Every impartial historian now concedes the great services rendered by the Puritans to the cause of English liberty. But that they were more advanced than the rest of their age, in principles of toleration, is not so apparent. If anywhere on earth just religious liberty could be found at that day, it should have been in that band of pilgrims who sought freedom to worship God amid the forests of this new world.

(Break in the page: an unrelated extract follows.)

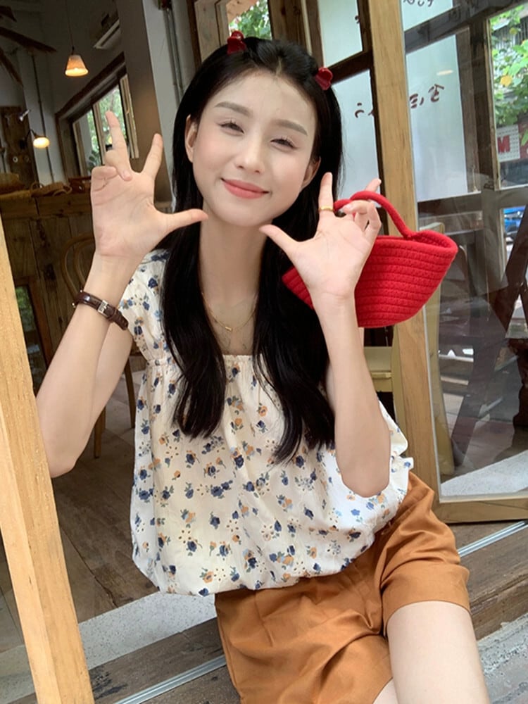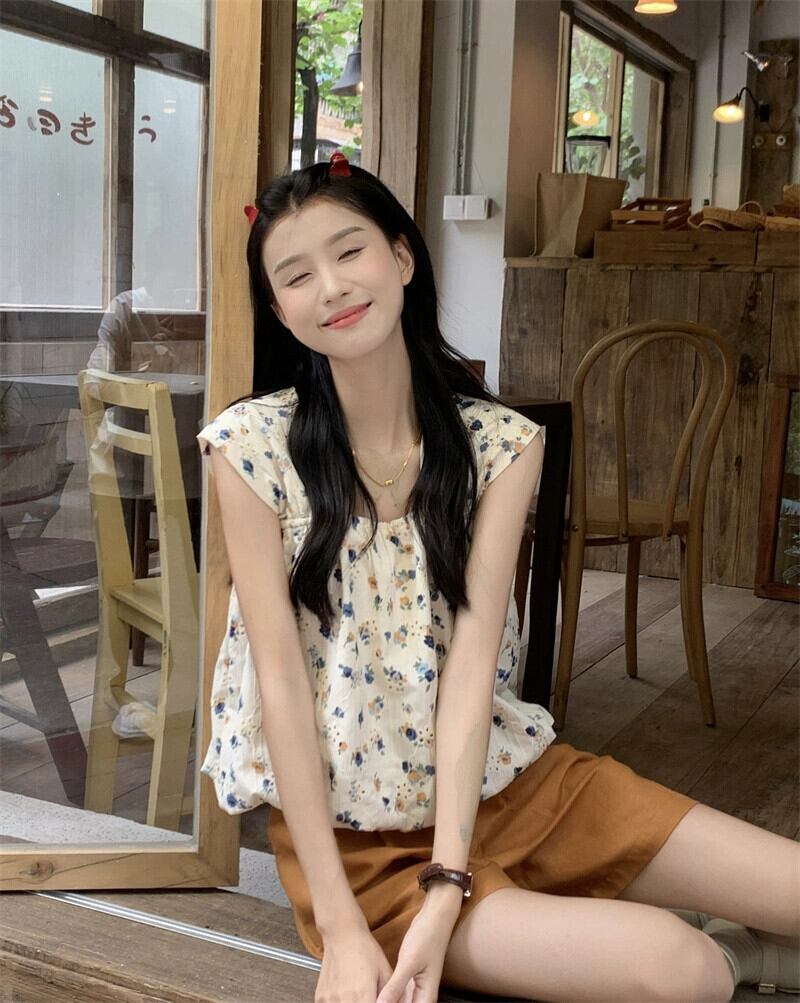 小さな新鮮なスクエアカラー重工業刺繍花柄ベスト夏 2023 新しいスリムアウターショートシックなトップ女性 レッド サマー 夏物 スクウェア missk39306868108

Yet from these shores, bleak and inhospitable, yet dear to our fathers, because they afforded a refuge from oppression, went forth this counsel to old England: "I begge upon my hands and knees, that the expedition against them [the Irish] may be undertaken while the hearts and hands of our souldiery are hot, to whom I will be bold to say briefly: happy is he that shall reward them as they have served us, and cursed be he that shall do the work of the Lord negligently, cursed be he that holdeth back his sword from blood; yea, cursed be he that maketh not his sword starke drunk with Irish blood, that

doth not recompense them double for their hellish treachery to the English, that maketh them not heaps upon heaps, and their country a dwelling-place for dragons, an astonishment to nations: let not that eye look for pity, nor that hand to be spared, that pities or spares them, and let him be accursed, that curseth not them bitterly." 11*

Such were the sentiments which national jealousy and religious hatred could inspire even in the breasts of good men. With such messages came the English to crush the last spark of liberty out of a brave and unfortunate people. How different, from that gentle reign which Christ came to establish on earth!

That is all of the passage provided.